Model Description and Validation
4.3 Model Validation
The CFD model was validated using experimental data collected from the single-cylinder research engine with the specifications listed in Table 4.1. The model was validated for both single and multiple injections in order to make sure that fuel strategies would not affect the predicted results. From the results analysed in Sections 4.3.1 and 4.3.2, it can be concluded that simulation results nearly match the experimental results for single injection cases. At the same time, simulation results for multiple injections are also rather similar to actual values. Thus, the model used in this study can confidently simulate, with near-accuracy, the combustion process and emissions.
4.3.1 Single Injection
The model was validated for a single fuel injection at two different engine speeds and loads under the following engine conditions:
Table 4.1: Single injection engine conditions for model validation.
Inlet Valve Closure (IVC) 64°ATDC Exhaust Valve Opening (EVO) 69°BBDC
Engine speed 1,200rpm and 2,000 rpm
Engine load 18% and 81%
Fuel quantity 6 mg and 14 mg
Fuel injection pressure 1,600 bar Start of Injection (SOI) 10°BTDC
Figures 4.5 and 4.6 show the comparison between the predicted and measured in-cylinder pressure and heat release rate for low load at 1,200rpm and high load at 2,000rpm, respectively. The result is based on the assumption of uniform wall tem-perature 470K for the cylinder wall and 570K for the cylinder head and piston top.
Figure 4.5: Comparison of simulated and measured in-cylinder pressures and heat release rates for single injection at 1,200rpm, low load.
Figure 4.6: Comparison of simulated and measured in-cylinder pressures and heat release rates for single injection at 2,000rpm, high load.

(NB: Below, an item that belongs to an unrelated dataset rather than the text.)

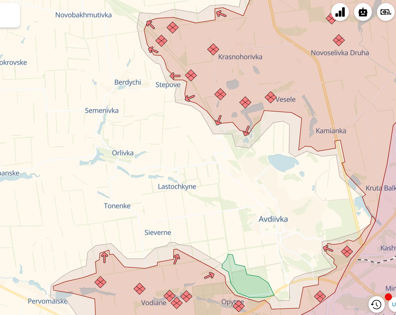 Также россияне с высокой долей вероятности готовятся к очередной попытке штурма Авдеевки, считает украинский военный эксперт Константин Машовец. Предполагаемое направление атаки - между Степным и Авдеевским коксохимическим заводом, чтобы в конечном итоге перерезать шоссе О0542 (Авдеевка - Орловка) к западу от Авдеевки.

The CFD simulation trend for the in-cylinder pressure seems to be reasonably close to the experimentally measured values for both operating conditions. There is only a slight pressure difference after the start of combustion, which might be related to experimental uncertainties in parameters in the computations such as the precise injection duration, start of injection and gas temperature at the IVC. On the other hand, the calculated heat release rate based on the experimental results seems to follow the same trend as in the simulation. However, the calculated HRR is slightly higher than the simulation experiments, and it seems to have a smoother drop after the end of combustion. Slight pressure and HRR variations between the experimental and simulation results will have a minimum impact on the results of the in-cylinder mixture homogeneity. A contingent small fuel injection variation will not significantly interfere with the air and fuel flow motions within the cylinder.
Figure 4.7: Comparison of simulated and measured NOx and soot emissions for single injection.
Figure 4.7 presents the comparison of NOx and soot emission formation for single injection cases with different starts of injection timing at 2,000rpm. It can be seen that simulation and experimental emission results are very similar for the cases where the start of injection occurs close to TDC. For cases with an earlier injection start, there is a very slight divergence that has possibly been caused by some air motion instabilities. In addition, the lower NOx levels predicted by the CFD model are due to the fact that the NOxformation model neglects the prompt NO formation by the attack of HC fragments on the air-nitrogen mixture, which could comprise up to 5% of total NOx formation.
4.3.2 Multiple Injections
The model was validated for adopting a pilot and a main injection strategy in order to make sure that multiple injections do not affect the accuracy of the predicted results.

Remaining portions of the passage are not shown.